Когда Клава с Надей в четыре руки взялись за посуду, Шишков вызвался помогать. Он предложил шутливо, но Надя угадала в незатейливой шутке желание побыть около нее, прикоснуться к тому, что она держала в руках. И вдруг Надя рассердилась на Шовкуненко. Почему он молчит, где сейчас его глаза? Сидит и лепит, хлеб переводит.

— Что посуда! Клавушка одна с ней управится. Вы бы лучше помогли мне по воду пойти. Темень, одной боязно…

Надя нарочно с кокетством посмотрела на Шишкова. Но Шовкуненко, казалось, был безучастен. Он по-прежнему беседовал с Арефьевым, и разговор обоим уже становился в тягость. Усталость за день давала себя знать.

Вскоре Арефьев с Шишковым собрались к себе. Шовкуненко, замотав шею кашне, набросил пальто, пошел их провожать.
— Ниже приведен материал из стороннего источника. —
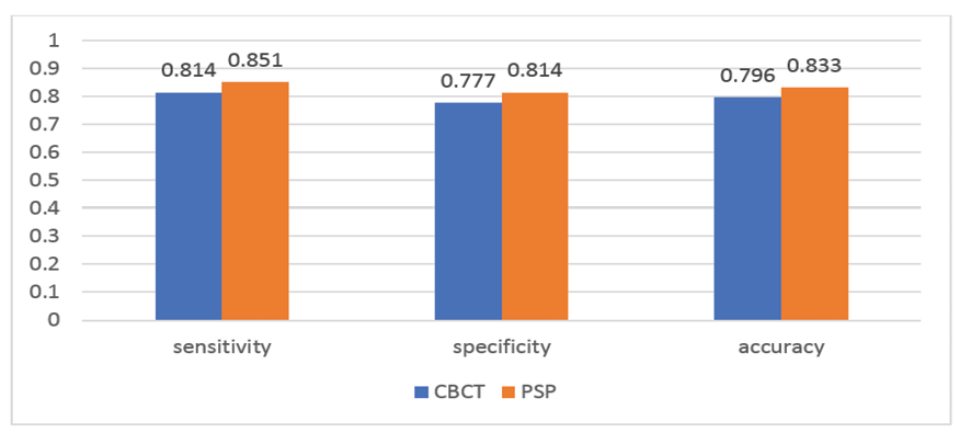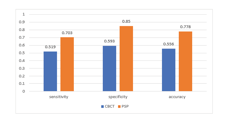Figure 2. Sensitivity, specificity and accuracy of CBCT and PSP digital radiography in detection of broken NiTi files in root canals filled with gutta-percha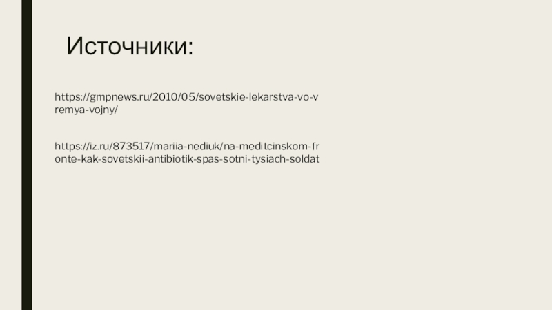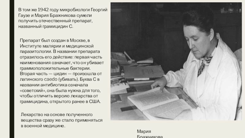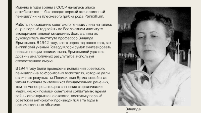 Работы по созданию советского пенициллина начались еще в первый год войны во Всесоюзном институте экспериментальной медицины. Возглавляла их руководитель института профессор Зинаида Ермольева. В 1942 году, всего через год после того, как английский ученый Говард Флори сумел синтезировать первые порции пенициллина, Ермольевой удалось достичь аналогичных результатов, используя отечественное сырье.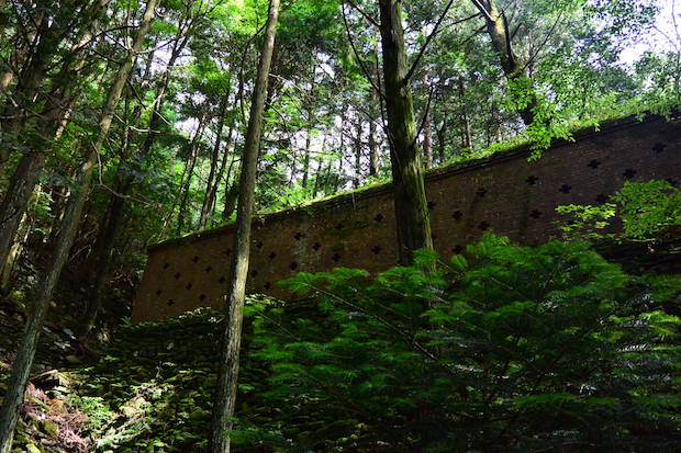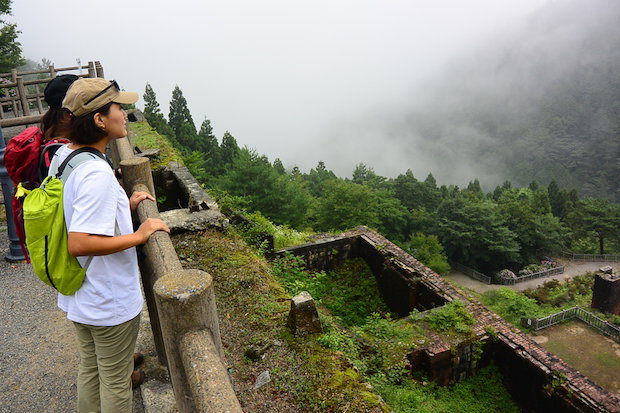 ゆらぎの森から新居浜方面へ車を走らせること、およそ20分ほど、日浦登山口から銅山越にかけての登山道沿いには、別子銅山が栄華を極めたころの遺構が、今もなお森の中に数多く点在しています。精錬所をはじめ、接待館や醸造所、小学校、病院、劇場など、標高1000メートル近い、険しい山を巧みに切り拓き、1万2000人もの人々が暮らす銅山街を形成していました。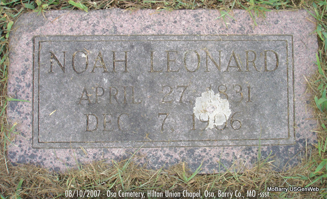 Dec. 7, 1906 | Research Note: His wife was Louisa Ann Coulter. She died 1923 buried at Wise Hill Cemetery, Clever, Christian Co., MO. Son of Abraham Leonard and Lucretia Harrison. Grave #310. | Census Phyllis Long Photo Stefanie Forester |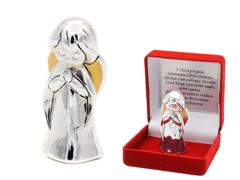 Figurka modlącego się aniołka (ok. 7 cm) od włoskiego producenta, wykonana z żywicy i pokryta srebrem próby 925 w technologii laminowania. W zestawie srebrna lub złota tabliczka z dedykacją i/lub zdjęciem oraz eleganckie etui prezentowe.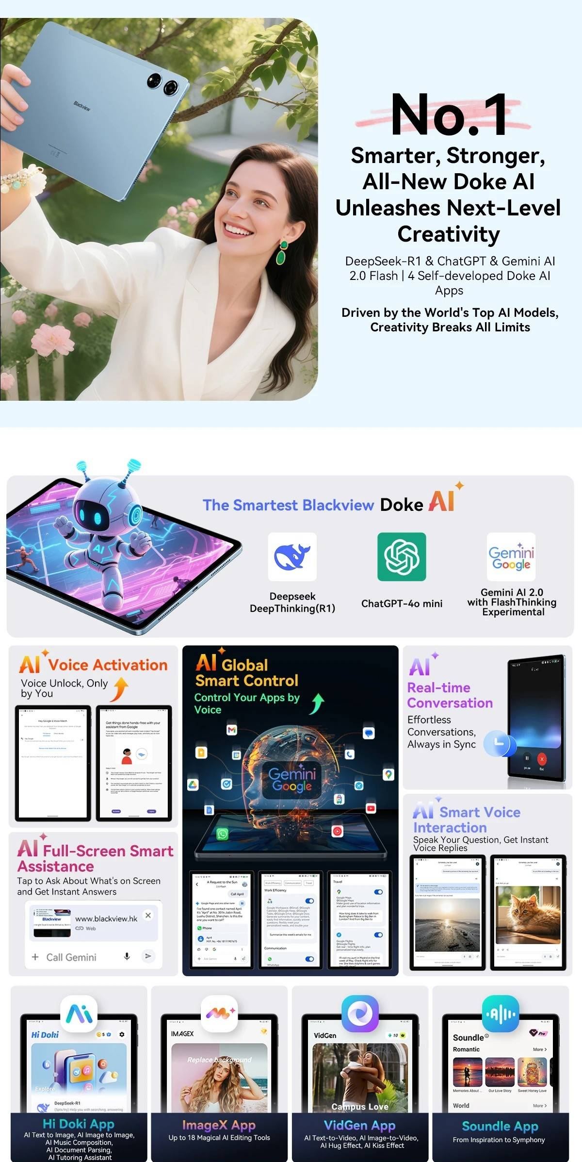 Az AI rendszer három nagy AI-motort használ: a DeepSeek R1-et, a ChatGPT-4o mini változatát, és a Gemini AI 2.0 Flash-t. Ezek az alapok adják az egész platform intelligenciáját – legyen szó beszédfelismerésről, képszerkesztésről vagy videófeldolgozásról.
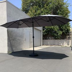 $130 (New in box) Large 15ft double sided outdoor umbrella w/ 65 lbs plastic weight base (red/gray)$130El Monte, CA

Надя подошла к окну, посмотрела им вслед.

Клава раздевалась. И вдруг обычный жест Клавиного мужа вызвал в Надином сердце смятение. Костя подошел к Клаве и, уверенный в том, что никто и ничего не видит, отвел золотившуюся на шее прядку, поцеловал, провел губами до плеча…

И Наде стало невыразимо тоскливо от этого чужого счастья.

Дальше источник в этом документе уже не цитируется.